Les compositions sont, comme toujours avec le groupe, surprenantes. Le mot est d'ailleurs bien faible. En témoigne le titre d'ouverture, "?low", démarrant sur une instrumentation chaotique et cauchemardesque ou
Toxik H hurle "Nous revoilà, t'y as pas cru ! T'y as pas cru ! T'y as pas cru !", avant de se rompre brutalement sur un sample hip-hop, sans prévenir. Non, effectivement, on y croit pas.
Diapsiquir mélange d'ailleurs chant très rappé et Black
Metal avec une facilité assez déconcertante. un titre comme "Kmkz" passerait presque pour un bon morceau de Rap français (avec une instru bien plus recherchée derrière, et heureusement). Et que dire de ce "Peste", hanté par ces chants clairs et ces choeurs presque Pop ? De cet "Avant" marqué par ses guitares désaccordées et sa boîte à rythme bien balancée ? Rien. Simplement applaudir devant tant d'aisance dans le mélange des genres.

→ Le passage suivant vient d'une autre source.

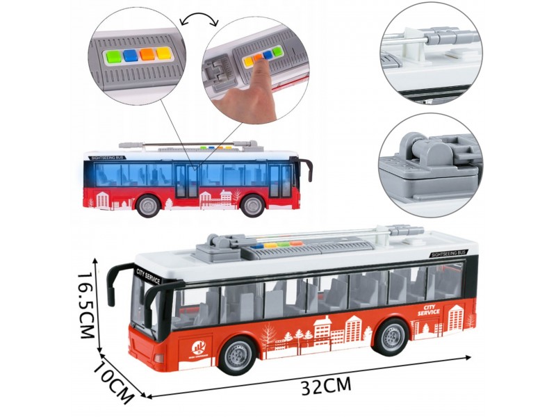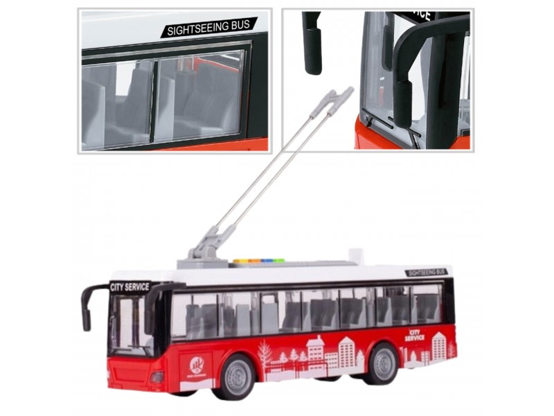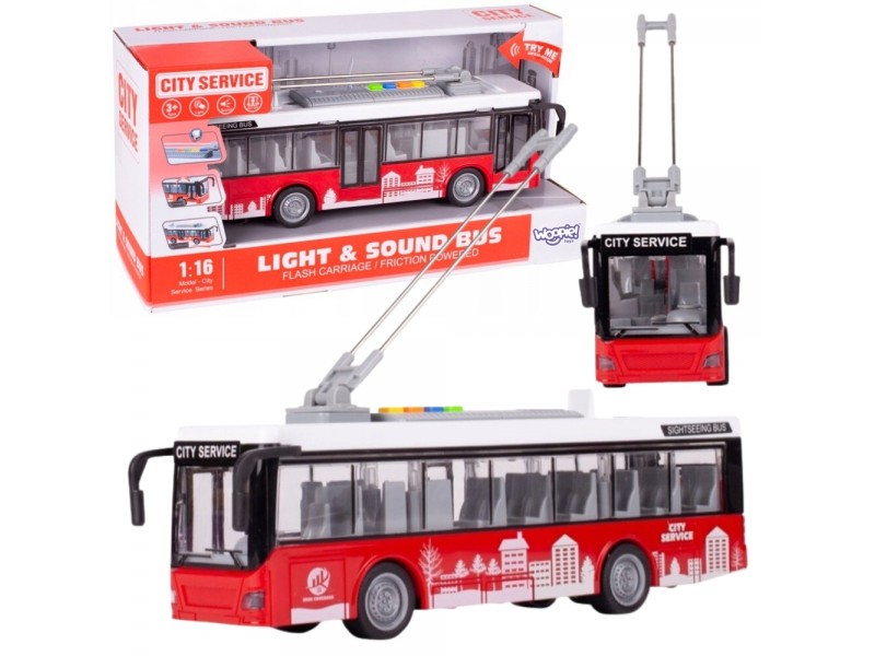 Didelis džiaugsmas mažiesiems viešojo transporto gerbėjams! Realistinis WOOPIE prekės ženklo miesto troleibuso modelis yra puikus žaislas vaikams, kurie mėgsta transporto priemones ir vaidmenų žaidimus. Ši transporto priemonė turi daug integruotų funkcijų, kurios neleis nuobodžiauti. Troleibusas aprūpintas garso efektais, vidaus apšvietimu, judančiais pantografais (srovės ėmikliais) bei atidaromomis durimis. Žaislas turi keturis guminius ratus ir frikcinę pavarą. Tiesiog pastumkite jį į priekį arba atgal, ir jis pats nuvažiuos kelis metrus tiesia linija.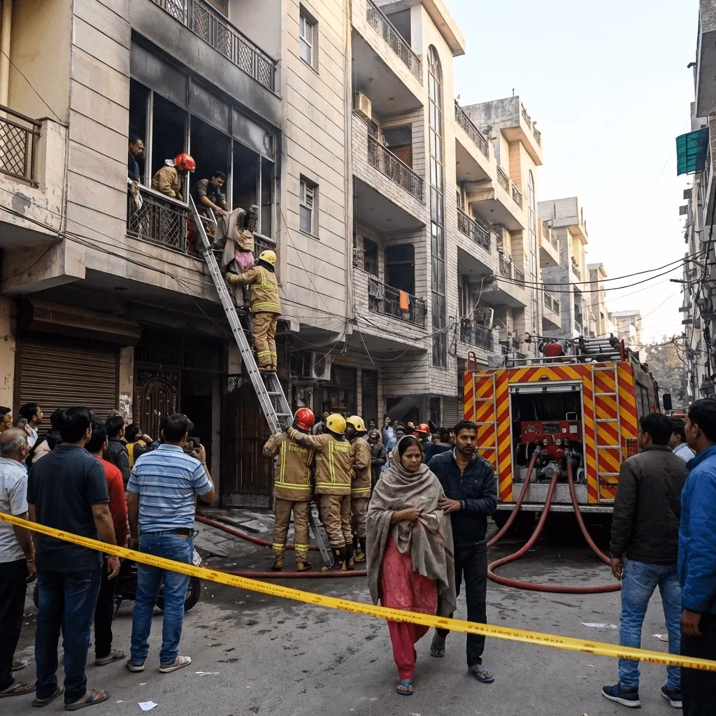 Delhi : दिल्ली के East Patel Nagar इलाके में मंगलवार दोपहर एक रिहायशी इमारत में आग लगने से हड़कंप मच गया। दोपहर करीब 12:10 बजे लगी इस आग ने ग्राउंड फ्लोर पर लगे बिजली के मीटरों को अपनी चपेट में ले लिया। दिल्ली फायर सर्विस की टीम ने तुरंत मौके पर पहुंचकर इमारत में फंसे 13 लोगों को सुरक्षित बाहर निकाल लिया है, जिसमें महिलाएं और बच्चे भी शामिल थे।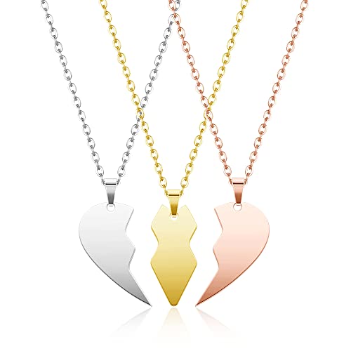 Zysta Collana dell'Amicizia con Cuore Spezzato per 3 Persone, Collana Puzzle Diviso Incisione Best Friends Forever 3 Colori in Acciaio Inox, Collana Distanza Personalizzato Nome Regalo per Amiche

Ne passez pas à côté des textes, qui même s'ils parlent sensiblement de la même chose d'une piste à l'autre (en pagaille, la vie de merde des musiciens, la drogue, l'amour tarifé, l'alcool, l'autodestruction, la perversion, la pédophilie, la vulgarité,
Satan et autres joyeusetés). Ils sont plutôt bien écrits, et au vu des polémiques soulevées par les paroles du dernier
Peste Noire, m'est avis que les invectives de
Diapsiquir ne seront pas à la convenance de tout un chacun. Qu'importe, à l'instar d'un Famine,
Toxik H n'est certainement pas là ou on l'attend, et n'est pas là pour faire le bouffon. Les textes de "

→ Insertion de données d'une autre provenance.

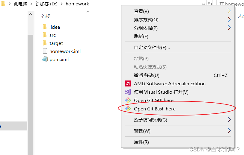 鼠标右键点击空白处,点击Open Git Bash here 打开git CLI
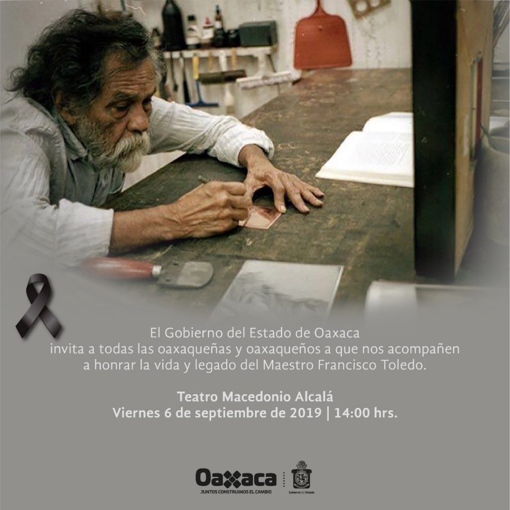 “Oaxaca está de luto por la pérdida de un artista universal: Francisco Toledo. Nos deja como legado su magnífica obra, su pasión por nuestro estado y su espléndida calidad humana”, afirmó.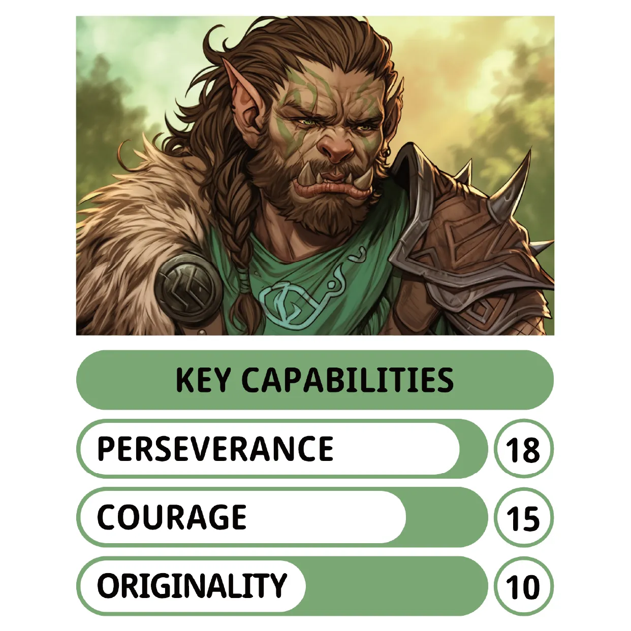 Gemma is a tall orc with a fierce appearance but a strong and gentle heart. She has loved making tools and equipment since she was a child, and is interested in combat strategies and teamwork. She is calm and down-to-earth, and is the kind of reliable character who will never back down at critical moments.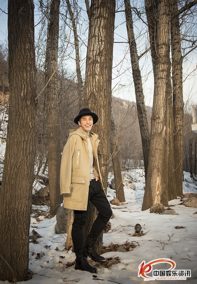 孟召重身著(zhù)暖色大衣 盡顯時(shí)尚前衛的一面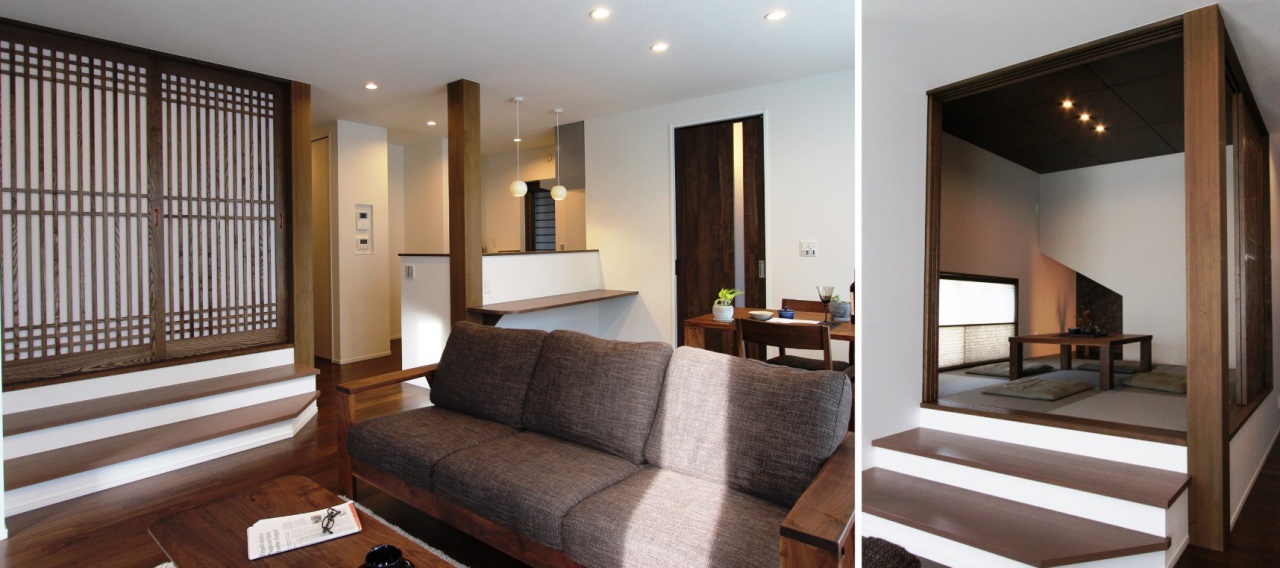 小上がりの畳スペースが、障子を閉めると独立の和室として使用できます。小上がり部分に収納を備え、リビングの片付けにも一役買っています。

Seul" sont d'ailleurs une critique au vitriol de la scène clownesque Black
Metal actuelle, et on les dévore avec un sourire aux lèvres qu'on ne prendra même pas la peine de dissimuler.
A noter que les remerciements, pour ce disque, ont été énoncés de vive voix sur la fin du titre de "A.M.A.C.C.". "Remerciements", ou plutôt le processus d'élaboration de ce monolithe de haine, entre virée chez les prostituées, dilution des tripes dans l'alcool pur et l'ingestion de drogues diverses et variées. "On a pris du temps. Trop de temps." Vous avez bien fait, les gars, le résultat est là. Monologue ou l'on apprend d'ailleurs que dans les nombreux featurings sur ce disque, on trouve Stephen, chanteur chez
Kickback, qui a posé sa voix sur de nombreux titres d'"A.N.T.I.". Le disque se termine sur un sobre mais efficace : "Dimanche 11 Juillet 2010, à quelque minutes et loin du bruit d'une finale de coupe du monde de foot, perdue par l'Argentine."
Nous n'avons pas le bruit de la finale de foot, mais le bruit de la ville et des déviances qu'elle peut nous imposer. C'est un peu ça,
Diapsiquir : une plongée en apnée dans les méandres d'un bidonville urbain, entre l'odeur âcre de la pisse, de l'alcool, de la bière rance et le tintement des seringues rouillées. L'incarnation du
Satan de l'ère moderne. Vous voilà prévenus, cette plongée dans "A.N.T.I." se fera à vos risques et périls. Il en reste que c'est un album brillant, mené de main de maître, qui nécessite plusieurs écoutes pour être pleinement apprécié en raison de la complexité, de la densité des pièces qui le composent. Bien parti pour être l'un des meilleurs albums de cette année 2011.